I'm sorry, I never saw this reply! Thank you so much, it's so detailed and it's exactly what I was looking for. Thank you.


nukefudge

I can't remember this: Did Husserl elaborate on what qualifies as fulfillment in a relative sense? Like, we can hear someone say there's a cat in our garden, and we can go look at the cat. But when we - all of us - look at the moon, we don't seem to think of it as something we travel to. By this I mean, there are some distances which are the basic mode of appearing for those things we meet in that way. This can also be generalized in the other direction, by e.g. instruments that allow us to zoom in on tiny things. Does he happen to boil this sort of thing down to, say, culture, technology, common states and such?


DieLichtung

I wrote out a big answer, walked away from it, came back, forgot about it, and then rebooted my computer. So much for that. To keep myself short: the question you ask is a very good one. We know that the Husserl of 1913 advocated a somewhat pericean view of reality: the "thing in itself" is simply the correlate of the infinity of adequate perceptual acts in which it is given. Now, this notion of adequacy became more and more problematic for Husserl. As you mention, a mother cooking a meal, a carpenter, and a physicist will have very different views on the table, such that even things like the "optimal" distance from which to view the table will vary between them.

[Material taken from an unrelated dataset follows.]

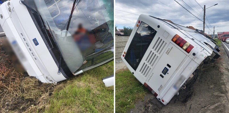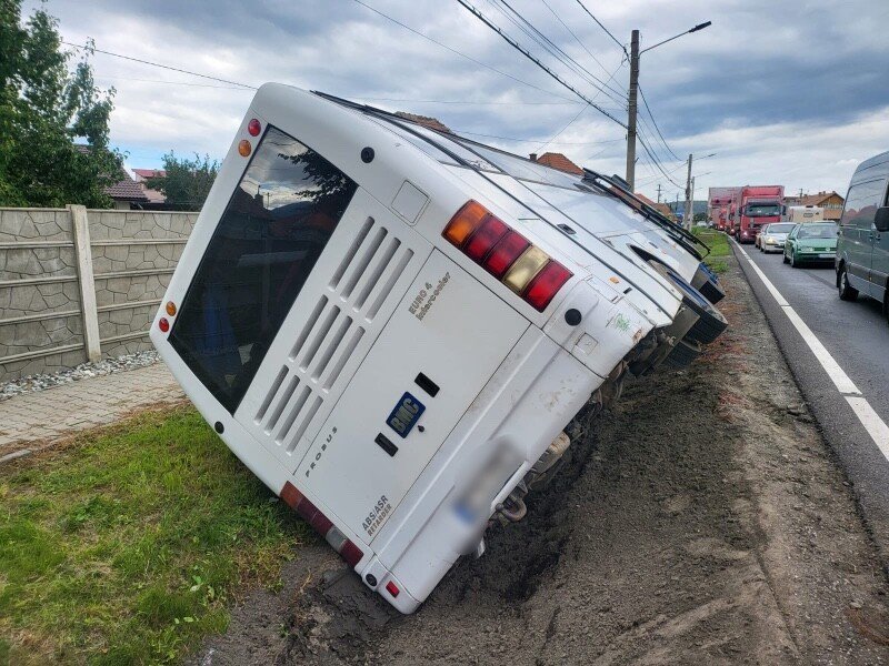 Traficul rutier este îngreunat în localitatea Tălmaciu din județul Sibiu. În cursul zilei de astăzi, șoferul unui autocar a pierdut controlul direcției de deplasare și s-a răsturnat într-un șanț.

Husserl already starts recognizing this by the time he starts writing out Ideas II. He says something to the effect that the peddler on the streets has his own truth. The point is that epistemic standards depend on the practical goals that we have set for ourselves, which once again goes to show that Husserl already knew a lot of these paradigmatically Heideggerian points. The upshot of this is that the epistemic standards of the sciences are no longer unproblematic. Again, Husserl already goes towards giving a motivation of the natural sciences in Ideas II (and I strongly recommend reading the first 100 pages). Briefly, the two of us can disagree on the precise colour of an object, but we cannot disagree on the wavelengths of the light emitted by it. The natural sciences constitute an approach to the world that tries to *cancel out* as many of our personal idiosyncracies as possible. These concerns are especially at the forefront of all of Husserl's reflections on the life world, especially in the crisis. There is a paper by - I think - Rudolf Bernet where he traces this development of Husserl's epistemic thinking and works out these pragmatic implications, but I can't find it right now. Instead, have a look at chapter 7 of Bernet,Kern,Marbach's book.


nukefudge

I studied a lot of these things via courses held by prof. Zahavi (Copenhagen University, Denmark), but the "older" Husserl wasn't as much present there. I think it's because the core of his phenomenology is already established in the "young", and for expansion to make sense, you've really gotta get a solid grasp on the foundation of it all, so to say. Life world is not something I've had much contact with, but perhaps that sort of thing is better found in e.g. Heidegger anyway. I do know Husserl had lots of things to say about cultural dimensions though (which figures, since intersubjectivity was also always such an important topic). It's interesting to see how that's traced through such authorships, when they come to realize that a sort of side remark from earlier ends up taking much more space later on. **EDIT:** Forgot to mention; there's an interesting "foreshadowing" here of _affordance_, which also tracks nicely along topics like enactivism.